Indeed, Eric Brown, at his Linux Foundation End User Linux Summit talk, told us that Watson relied heavily on the publicly available software freedom codebase, such as GNU/Linux, Hadoop, and other FLOSS components. They clearly couldn't do their work without building upon the work we shared with IBM, yet IBM apparently ignores its moral obligation to reciprocate.
So, I just point-blank asked Brown why Watson is proprietary. Of
course, I long ago learned to never ask a confrontational question from
the crowd at a technical talk without knowing what the answer is likely to
be. Brown answered in the way I expected: We're working with
Universities to provide a framework for their research
. I followed
up asking
when he would actually release the sources and what license
would be. He dodged the question, and instead speculated about what
licenses IBM sometimes like to use when it does chose to release code;
he did not indicate if Watson's sources will ever be released. In
short, the answer from IBM is clear: Watson's general ideas
will be shared with academics, but the source code won't be.

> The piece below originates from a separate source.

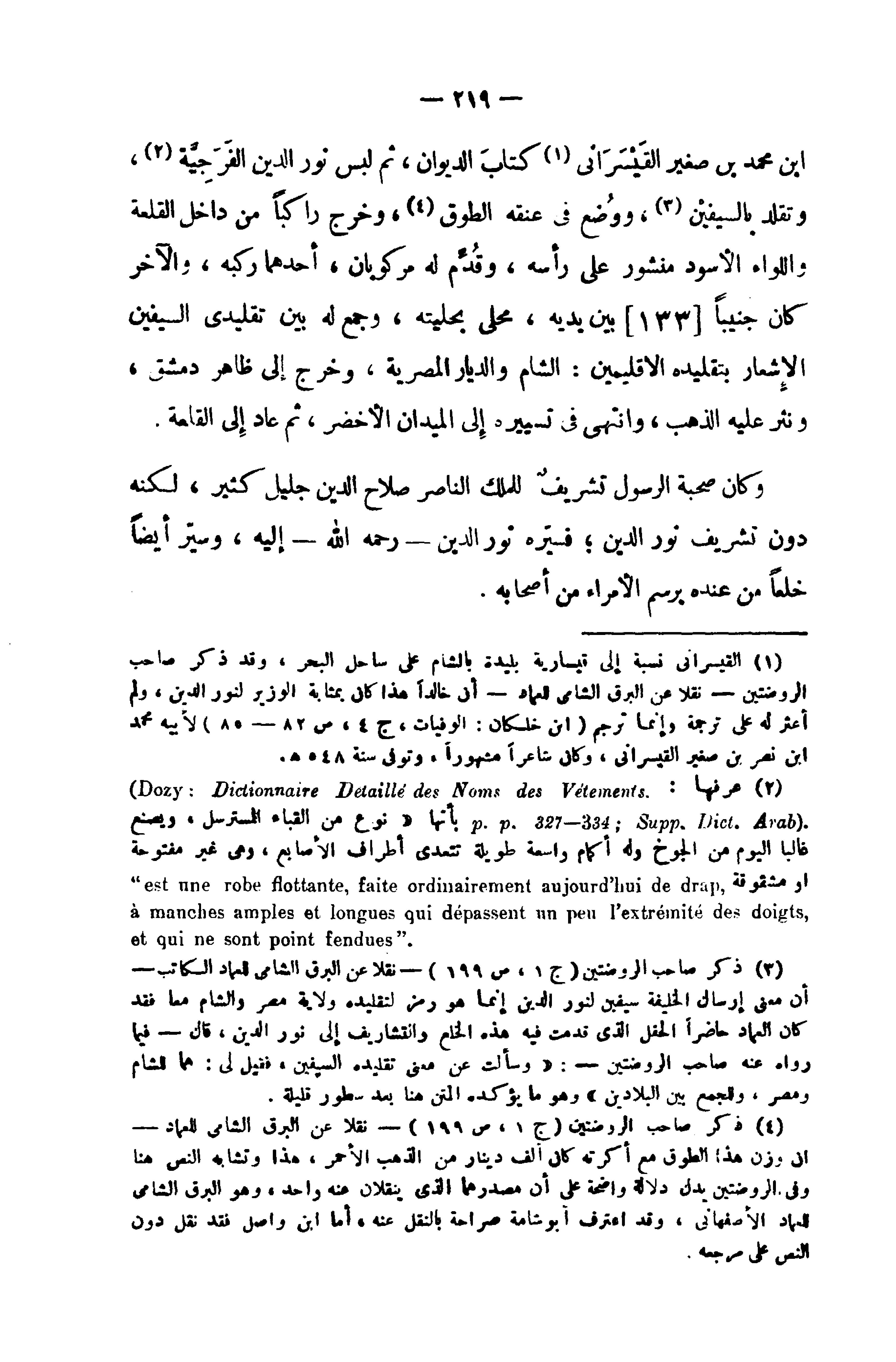 (¬3) ذكر صاحب الروضتين (ج 1، ص 199) - نقلا عن البرق الشامى للعماد الكاتب - أن معنى إرسال الخليفة سيفين لنور الدين إنما هو رمز لتقليده ولاية مصر والشام معا فقد كان العماد حاضرا الحفل الذى قدمت فيه هذه الخلع والتشاريف إلى نور الدين، قال - فيما رواه عنه صاحب الروضتين -: «وسألت عن معنى تقليده السيفين، فقيل لى: هما للشام ومصر، وللجمع بين البلادين» وهو ما يؤكده المتن هنا بعد سطور قليلة.

This point is precisely one of the reasons I didn't pursue a career in academic Computer Science. Since most jobs — including professorships at Universities — for PhDs in Computer Science require that any code written be kept proprietary, most Computer Science researchers have convinced themselves that code doesn't matter; only publishing ideas do. This belief is so pervasive that I knew something like this would be Brown's response to my query. (I was even so sure, I wrote almost this entire blog post before I asked the question).
I'd easily agree that publishing papers is better than the technology being only a trade secret. At least we can learn a little bit about the work. But in all but the pure theoretical areas of Computer Science, code is written to exemplify, test, and exercise the ideas. Merely publishing papers and not the code is akin to a chemist publishing final results but nothing about the methodologies or raw data. Science, in such cases, is unverifiable and unreproducible. If we accepted such in fields other than CS, we'd have accepted the idea that cold fusion was discovered in 1989.
I don't think I'm going to convince IBM to release Watson's sources as Free Software. What I do hope is that perhaps this blog post convinces a few more people that we just shouldn't accept that Computer Science is advanced by researchers who give us flashy demos and code-less research papers. I, for one, welcome our computer overlords…but only if I can study and modify their source code.